Narciso Meza
HOHENAU
Hay historias que nacen en la sencillez de un pueblo y terminan resonando en escenarios impensados. La de Delfio Duarte es una de ellas. Oriundo de Bella Vista, Itapúa, este paraguayo de 30 años hoy se encuentra en Ucrania, formando parte de una brigada integrada por compatriotas en medio de uno de los conflictos más duros del mundo.
Militar de profesión, Delfio forjó su camino con disciplina, sacrificio y preparación. Realizó cursos de comando, se especializó como fuerza especial, francotirador y también como paracaidista. Su experiencia incluye su paso por el Norte del Paraguay, donde integró la Fuerza de Tarea Conjunta enfrentando al EPP, una vivencia que fortaleció su carácter y compromiso con el servicio.
Hoy, su destino lo llevó aún más lejos. Se encuentra integrando una unidad compuesta por unos 30 paraguayos dentro de la Brigada N° 29 de Mecanizadas Pesadas Separadas, donde también forma parte del Grupo Especial de Respuesta Rápida (GEER). Actualmente está en etapa de entrenamiento, adaptándose a una realidad completamente distinta. “Tomé la decisión por un propósito, por voluntad propia, como todos los que estamos acá”, relata Delfio, con la serenidad de quien sabe el peso de sus decisiones.
Orgulloso de ser paraguayo. A más de un mes de haber llegado, su vida transcurre entre entrenamientos intensos y la constante preparación para lo que pueda venir. Lejos de casa, pero firme en sus convicciones, lleva consigo sus raíces y el orgullo de ser paraguayo. Dentro de su unidad, es conocido por distintos apodos: Pakatenb05 en ucraniano, The Punisher en inglés y El Castigador en español, reflejo de su carácter y la imagen que proyecta entre sus compañeros.
En una conversación telefónica, compartió su experiencia desde el corazón del conflicto, describiendo una realidad marcada por la tensión, el sacrificio y la incertidumbre, pero también por la camaradería y la determinación.

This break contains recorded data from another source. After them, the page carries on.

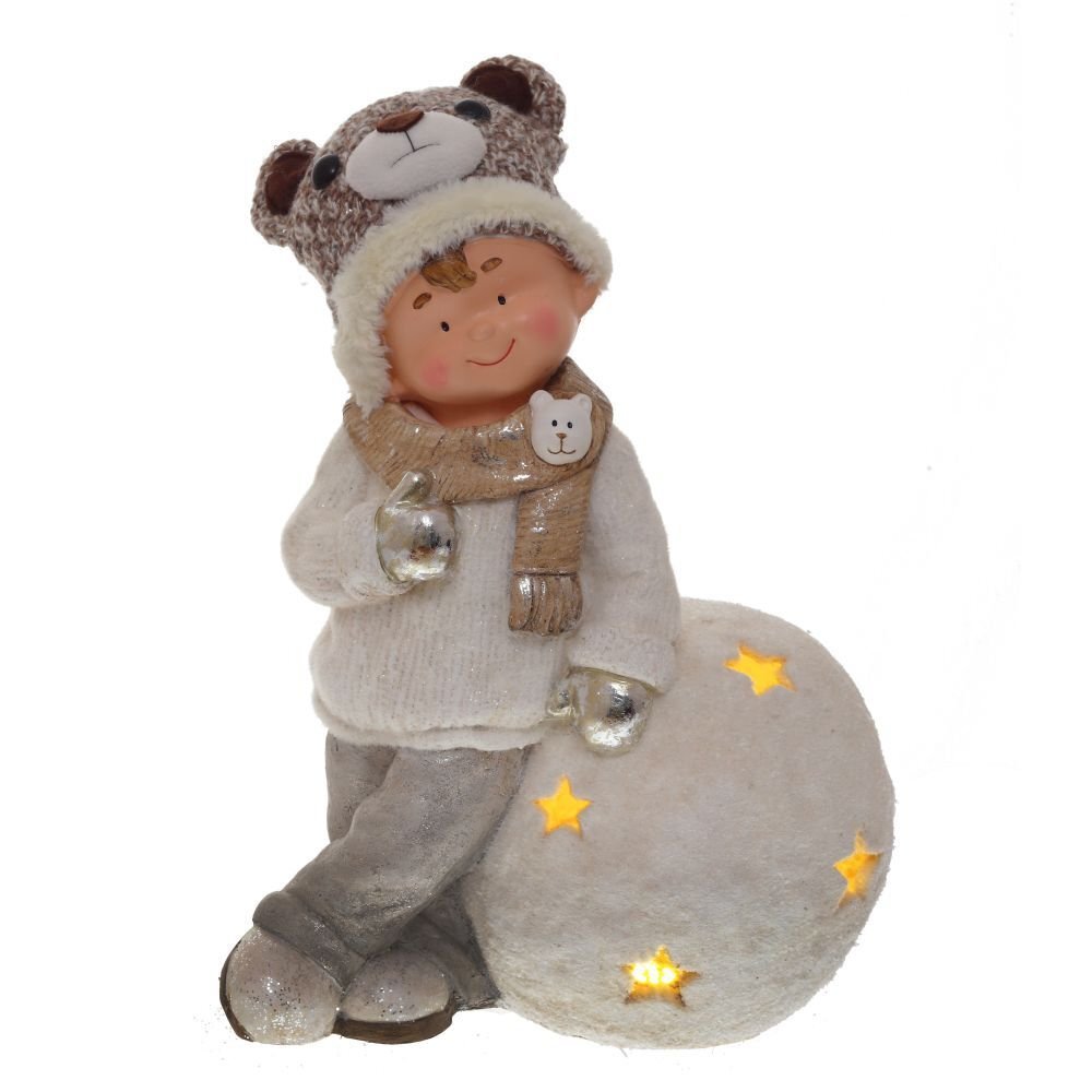 Новогодняя фигурка ребенка со снежком. Так удивительно повсюду встречать волшебные признаки наступающего Нового года. Мальчик любит проводить зимние дни на улице, наблюдая за подготовкой к празднику. Фигурка с подсветкой, работает от трех батареек ААА (не прилагаются).
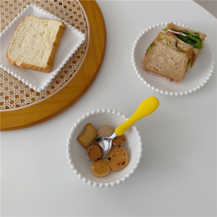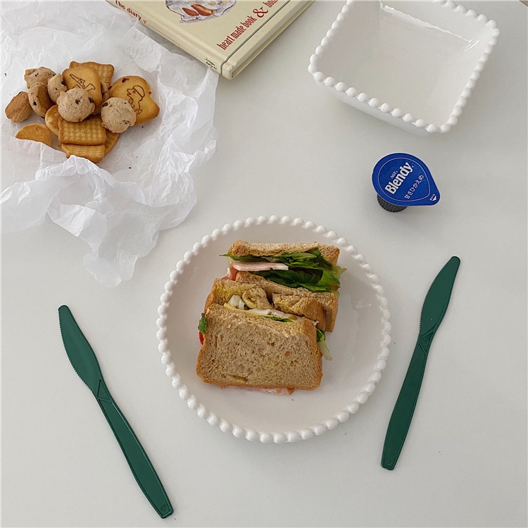 Nhà cửa & Đời sống > Bộ đồ bàn ăn > Dĩa || Chén, Dĩa Sứ Trắng Trơn Có Viền Chấm Tròn Dotted RimCòn hàng
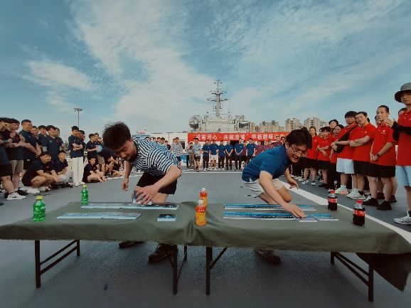 在训练舰上的生活是本次暑期社会实践的亮点之一,也成为了同学们心中最难以忘怀的回忆。从观摩官兵值更值守,到走进炊事班参与备菜劳作;从亲历舰船破浪航行的壮阔,到见证港口渐趋清晰的激动;从初包包子时的手忙脚乱,到甲板运动会上的热血呐喊。朝夕相处间,同学们不仅与海军官兵结下深厚情谊,更收获了一段珍贵的回忆。在本次暑期社会实践的最后一天,一场 “献礼建军节,青春向深蓝” 联欢晚会在舰上温情上演。全体师生与官兵齐聚一堂,来自各地的同学们各展所长,悠扬歌声、热烈掌声与阵阵欢呼交织回荡。这场充满热血与温情的晚会,为本次暑期社会实践画上了圆满句号。
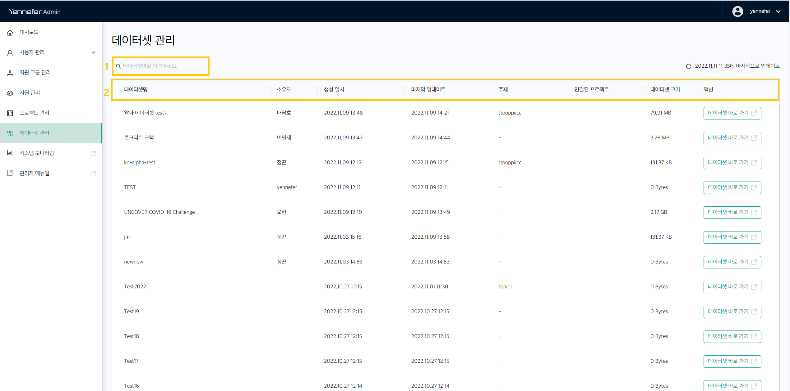 * 데이터셋 관리 페이지는 데이터셋 검색 및 데이터셋 목록으로 구성되어있습니다.
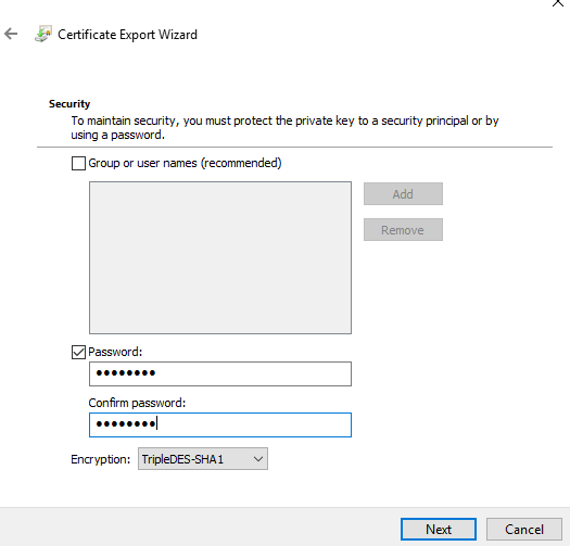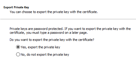 The certificate should be in pfx format. Furthermore, configure a password for the certificate to ensure the private key is exported:
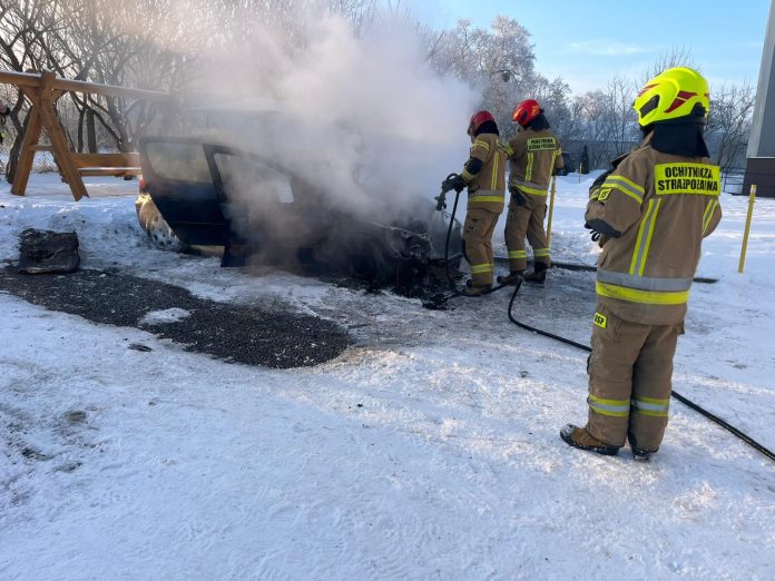 Auto spłonęło doszczętnie. Na szczęście nikomu nic się nie stało. Na miejscu szybko pojawili się strażacy z OSP z Sawina, którzy dogasili płonący samochód. reb, fot. OSP Sawin
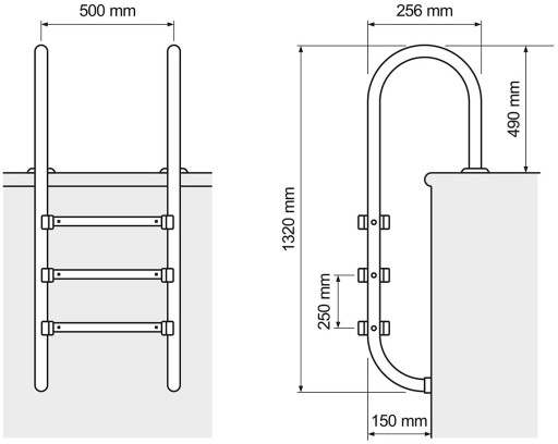 Drabinka do basenu ze stali nierdzewnej 3 stopnie 1320 mm
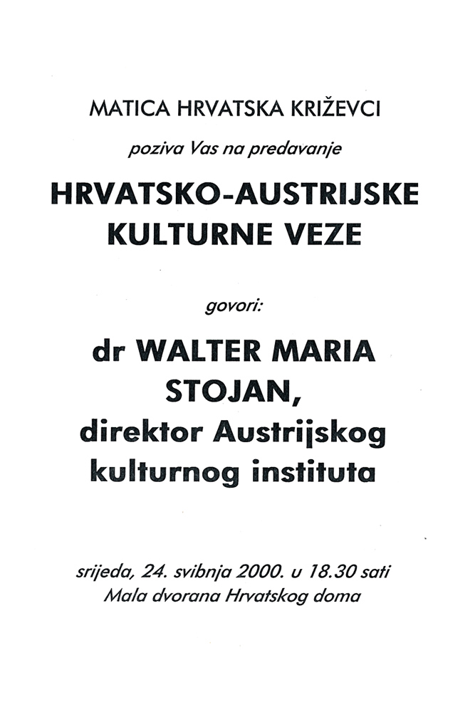 U maloj dvorani Hrvatskoga doma u srijedu, 24. svibnja 2000. održano je predavanje „Hrvatsko-austrijske kulturne veze”. Govorio je dr. Walter Stojan, direktor Austrijskog kulturnog instituta te uime organizatora predsjednica Matice hrvatske Križevci Renata Husinec.
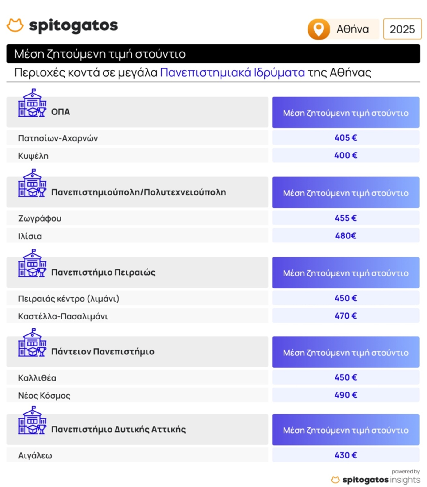 Τα στούντιο παραμένουν ιδιαίτερα δημοφιλή μεταξύ των φοιτητών, λόγω του μικρού τους μεγέθους και της πιο προσιτής τιμής σε σχέση με μεγαλύτερα διαμερίσματα. Για παράδειγμα, σε περιοχές κοντά στο Οικονομικό Πανεπιστήμιο Αθηνών, όπως η Πατησίων-Αχαρνών και η Κυψέλη, η μέση ζητούμενη τιμή ενός στούντιο είναι 405 ευρώ και 400 ευρώ αντίστοιχα.
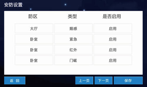 1)設置八防區的地點,類型和是否啟用,下一頁可查看下一頁的防區設置,點擊保存可保存防區信息的設置,如圖3.8.2:
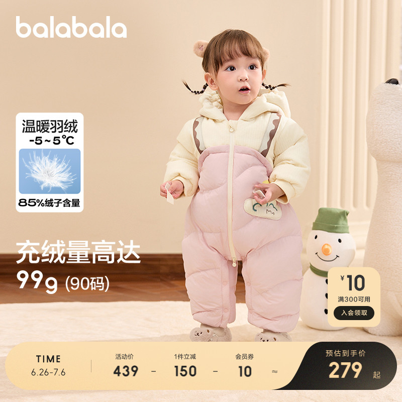 巴拉巴拉嬰兒羽絨連體衣女童加厚爬服寶寶外出服兒童冬裝新款童裝

La historia de Delfio Duarte no solo habla de guerra. Habla de coraje, de decisiones difíciles y de un joven que, habiendo crecido en la Aldea de Niños de Hohenau, hoy enfrenta uno de los escenarios más complejos del mundo, escribiendo su propia historia con valentía. Duarte mencionó que los compatriotas que están en la guerra con él fueron de distintas localidades del país. “Algunos ya están hace dos años, otros uno y el resto llegó hace casi dos meses”.